I note that node.js' builtin "assert" library does assert.deepStrictEqual(actual, expected), so there is probably no hope for consistency between libraries.



On Thu, May 10, 2018 at 12:43 PM, Philip Jägenstedt <foo...@google.com> wrote:
Yep. Additionally, people familiar with gtest will often use assert_equals(expected, actual) and similar in testharness.js tests where it doesn't cause the test to fail but does make the error message confusing.

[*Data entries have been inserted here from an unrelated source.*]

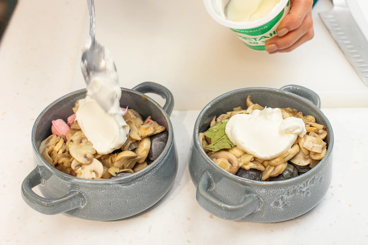 На грибы положите сметану в равных порциях в каждый горшочек и распределите по поверхности.
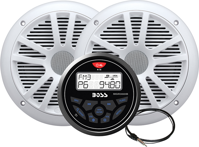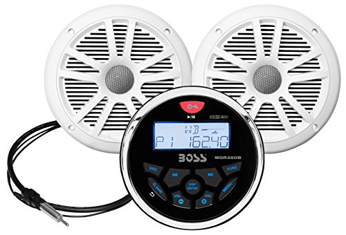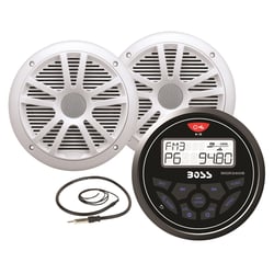 The Boss Audio Systems MCKGB350W.6 is a complete marine audio package designed for boats, marine vessels, and outdoor powersports applications. This all-in-one kit includes everything needed for a premium marine audio upgrade: an MGR350B in-dash gauge-style AM/FM digital media receiver with Bluetooth, a pair of 6.5-inch MR6B marine speakers with white finish, and an MRANT10 marine antenna.
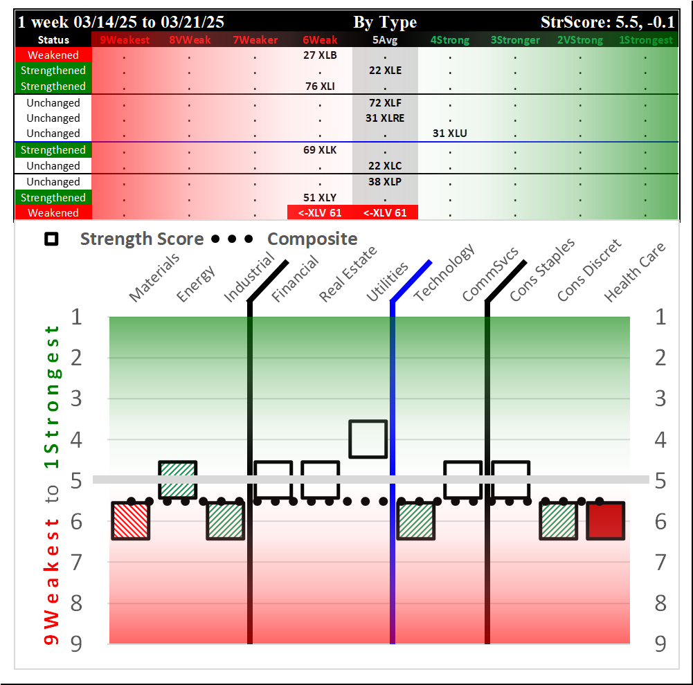 Last Friday's ETF strength report is available here (SPDR Sector ETFs Fri 2025-03-21: 5.5 Strength Score Weakened -0.1).
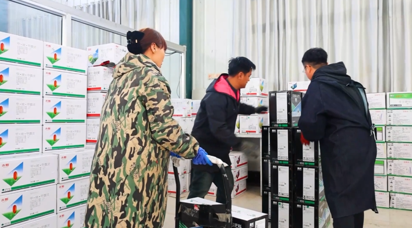 山东供销农业服务集团鲁南有限公司工作人员正在配送农资。(视频截图)
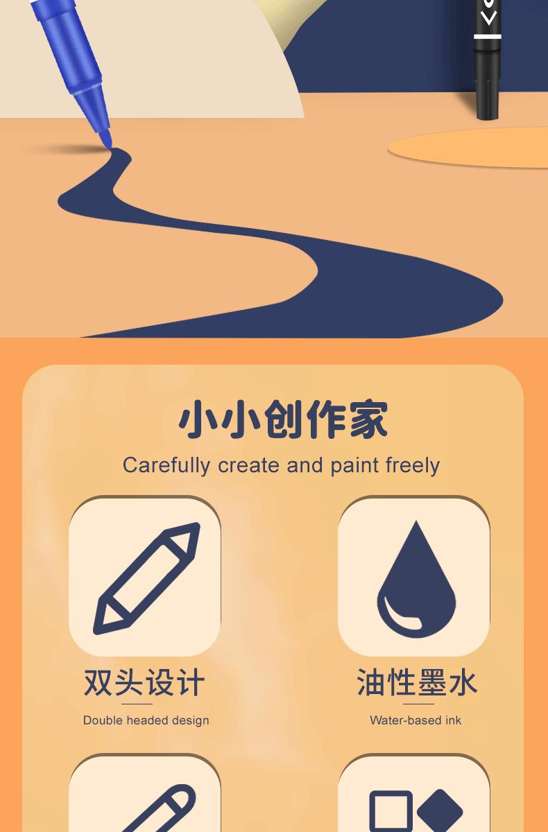Rotulador Gou Line pequeño de doble punta, resistente al agua, de secado rápido, para logística, marcador de aceite, para pintura artística, marcador negro
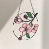 Cherry blossom Painted Stained Glass Suncatcher, Window Hanging Decor, Outdoor Sun Catcher Decor, Japandi Wall Decor
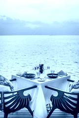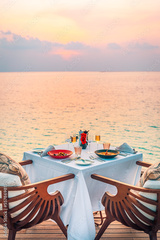Seascape view under sunset light with dining table with infinity pool around. Romantic tranquil getaway for two, couple concept. Chairs, food and romance. Luxury destination dining, honeymoon template
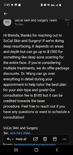 Read moreDr. Wang is the best! All of my friends and I are now patients at SoCal Skin and Surgery because she is an expert at transforming skin.
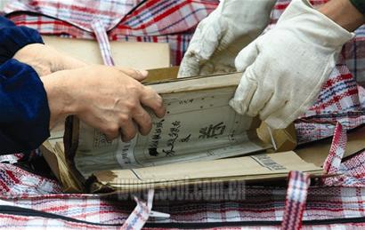 “这些受潮或遭肢解的档案卷必须要经过除湿、蒸干、消毒、杀虫、冻干等诸多保护环节。以蒸干为例,失去水分后的档案会变得像一块‘硬砖’,只能小心地一层层剥开,每揭一页夹一层干燥纸来保护。”体态有些发福的张新吃力地蹲在地上,仔细地清点装有档案的塑料编织袋,“今天的发掘应该说比较顺利,一上午就运走了两卡车,约有8000多卷,但不少档案已受潮或碎裂,后期还要仔细修补和保存。”张新说,他们事先准备了1000个编织袋,但到中午时分基本告罄,只得紧急调来1000个支援,“我们乐观地估计,这次抢救性挖掘能救出五六万卷文物档案,基本保住了羌族‘血脉’!”

Maybe the fix is to make testharness.js order-agnostic too, but of course that doesn't work for < or >.

On Thu, May 10, 2018, 07:42 'Harald Alvestrand' via Chromium-dev <chromi...@chromium.org> wrote:
The big gotcha here is EXPECT_LT and friends. They work opposite in gtest and testharness.js, and have bitten me repeatedly.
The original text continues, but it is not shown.